Jacob Edward Kohen, bo tak brzmi właściwie imię i nazwisko twórcy sieci, przez całe życie budował potęgę firmy. Dorobił się ogromnego majątku, ale żył oszczędnie i skromnie.
Choć urodził się w 1898 r. w Londynie, to jego rodzinne korzenie sięgają do Polski. Był pierwszym dzieckiem pochodzącego z Łodzi żydowskiego krawca Avrama Kohena. Niewiele wiadomo o jego dzieciństwie – późniejszy właściciel Tesco podkreślał, że żył bardzo skromnie. Pierwszą pracę dostał w zakładzie krawieckim ojca. I zapewne poszedłby w jego ślady, gdyby nie wybuch I wojny światowej. Wstąpił do armii. Ówczesne samoloty w dużej części składały się z płótna, więc młody Kohen nadawał się idealnie do pracy przy ich produkcji i naprawie.

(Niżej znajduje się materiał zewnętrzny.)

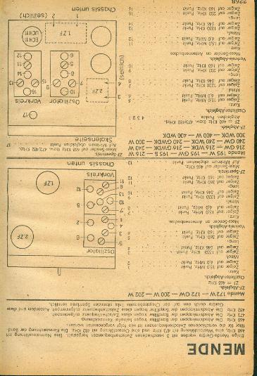 Hallo in die Runde, seit kurzem besitze ich einen "Mende 216W" von 1940, der in einem sehr gutem Zustand ist. Dass er zu mir ohne Röhren kam war bedauerlich, stellt aber kein Problem dar. Man staunt, in welcher Qualität dieses Rundfunkgerät gefertigt wurde, wenn man die Einheits-oder Volksempfänger dagegen hält. Leider muss ich alle Trimmer der Vor- und Oszillatorkreise tauschen. Aus dem Schaltplan, der mir vorliegt, sind deren Werte nicht zu ersehen. Zum Anderen denke ich mir, dass es bei dieser Schaltungsausführung wichtig ist, den Abgleich in der richtigen Reihenfolge durchzuführen. Also hier zuerst KW, dann MW, dann LW. Die Senderskala ist natürlich auch in Meter beschriftet. Das ist an sich kein Problem, da man diese Angaben in Frequenzen umrechnen kann, aber bei der Langwelle ist die einzige Angabe 2000m. Die Zuordnung der Spulen und Trimmer zu den Wellenbereichen habe ich herausgefunden, aber um den Abgleich einigermaßen exakt durchzuführen, müsste ich den Anfang bzw. das Ende oder die Frequenzmarken der jeweiligen Bereiche bei diesem Gerät kennen.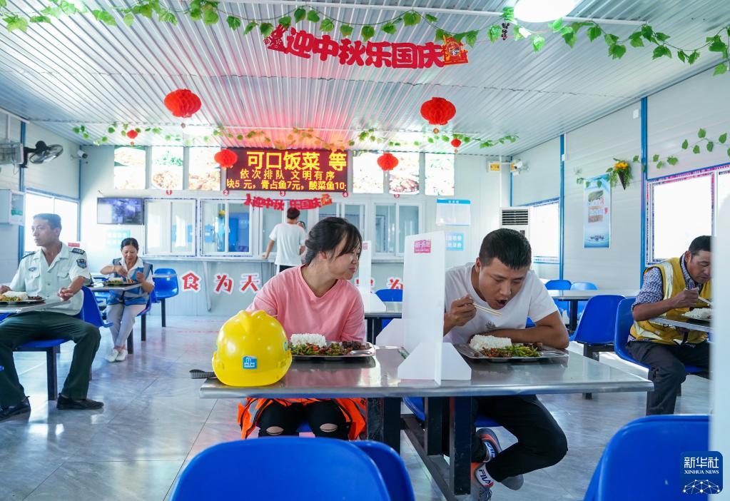 9月21日,在中建三局华东公司上海分公司的某项目工地上,工人郎晓蓉(前左)与丈夫傅辉(前右)在食堂内用餐。今年,他们在上海过中秋。新华社记者 丁汀 摄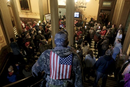 According to CNN, only 275 protesters — of an estimated 400-700 total — were allowed into the capitol building at a time. A police representative downplayed the rally to the network, explaining that the protesters were simply "chanting peacefully and that was it."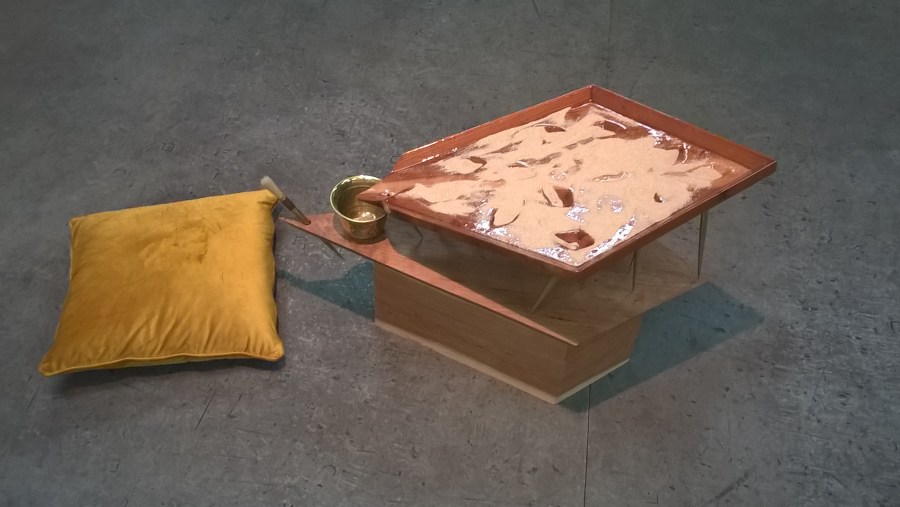 - Miné Kleynhans. Meditations On Resentment (2024). Cherrywood, brass, sand and found objects. 70cm x 43cm x 74cm
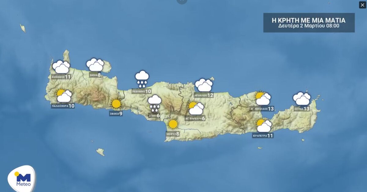 Το χειμωνιάτικο και συννεφιασμένο "προσωπείο" θα συνεχίσει να φορά και τη δεύτερή του ημέρα ο Μάρτης, φέρνοντας πυκνά σύννεφα, χαμηλές θερμοκρασίες και τοπικές βροχές στην Κρήτη.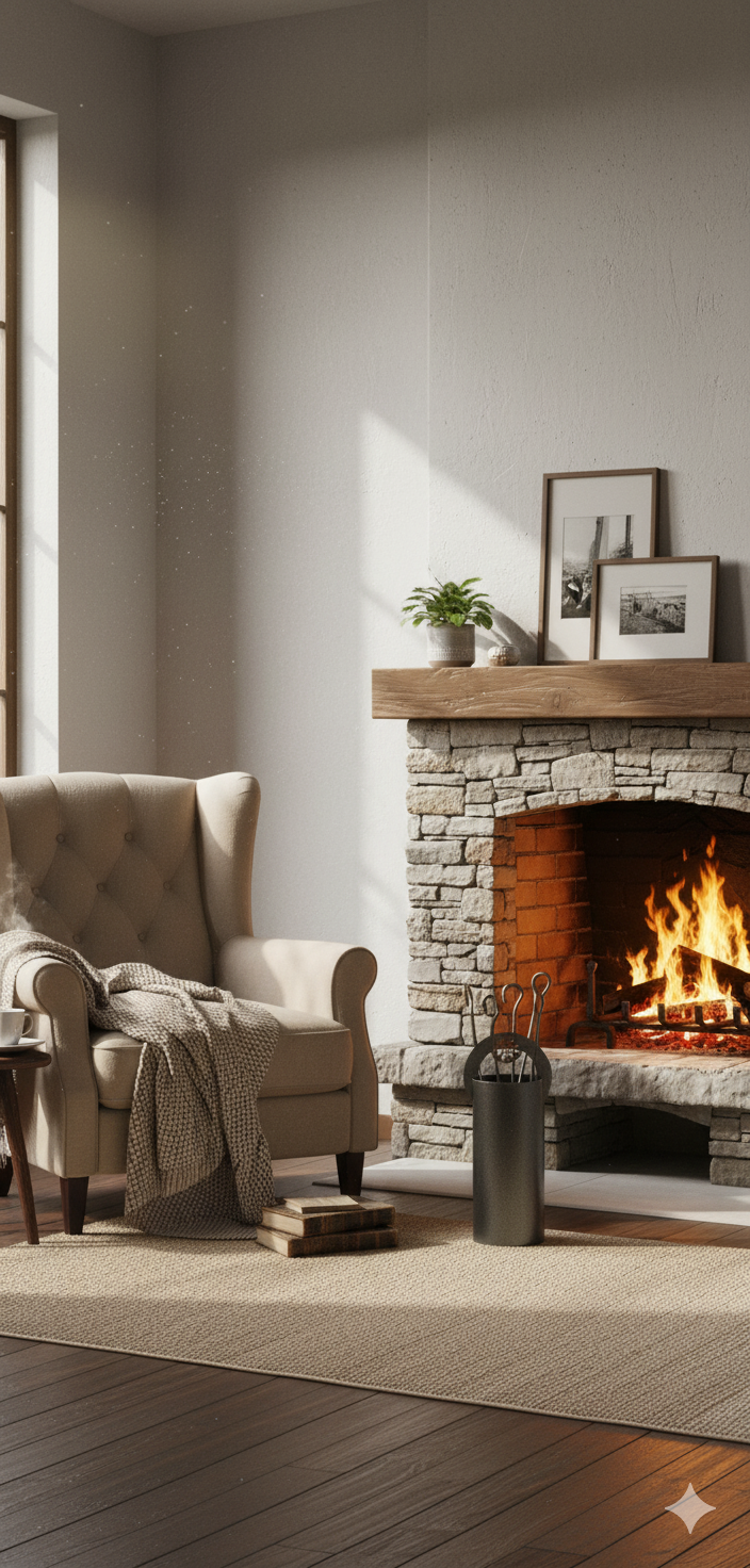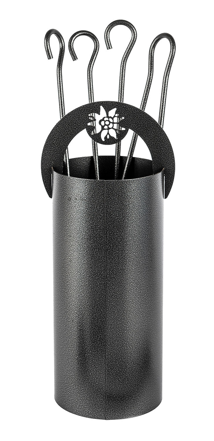 Trespolo per Attrezzi Camino Cilindrico Stella Alpina con Paletta Scopino Attizzino e Pinza Ø15,2x62 cm in Ferro Verniciato Grigio Martellato - La Ferrotecnica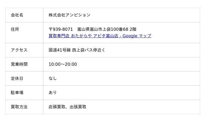 買取専門店 おたからや アピタ富山店の口コミ・評判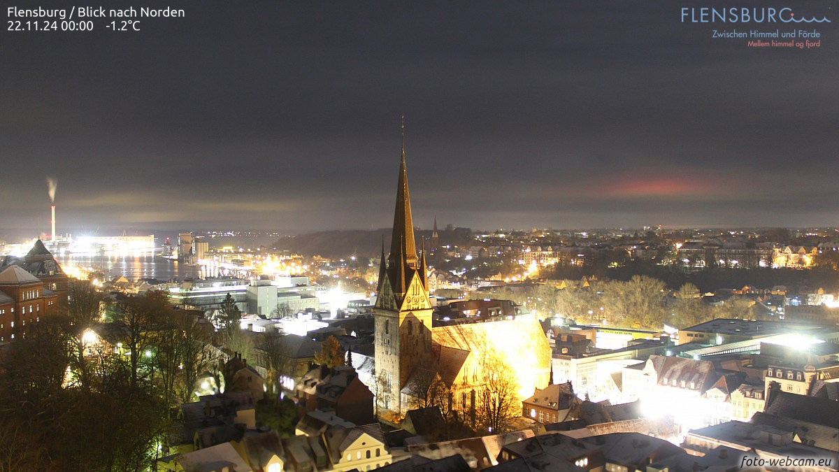 Ich hab gerade auf die Grafik der Polarlichtwahrscheinlichkeit geschaut und da fallen zwei Spitzen auf, die nach unserer Zeit kurz nach 23 sowie 24 Uhr lagen. Danach könnte es doch in Flensburg stimmen?

Za odprawę z wojska kupił i zaczął prowadzić stragan w Hackney w londyńskim East Endzie. Pierwszego dnia jego obrót wyniósł – 4 funty, ale zysk aż 1 funt.
Pracował bardzo dużo. Szybko dorobił się kilku straganów, sam zajmował się ich zaopatrywaniem. W 1924 r. stworzył własną markę – Tesco to pierwsze litery nazwy jego dostawcy T. E. Stockwell oraz początek nazwiska Cohen.
Choć dopiero w 1931 r. otworzył pierwsze dwa sklepy, to po ośmiu latach miał ich już 100. Wtedy też zaczął się posługiwać nazwiskiem John Edward Cohen, pod którym zna go świat. Cohen uparcie minimalizował koszty, wybudował pierwszy na Wyspach centralny magazyn, który zaopatrywał jego szybko rosnącą sieć handlową. Dzięki temu miał nie tylko kontrolę nad ofertą, ale także cenami i w konsekwencji kosztami.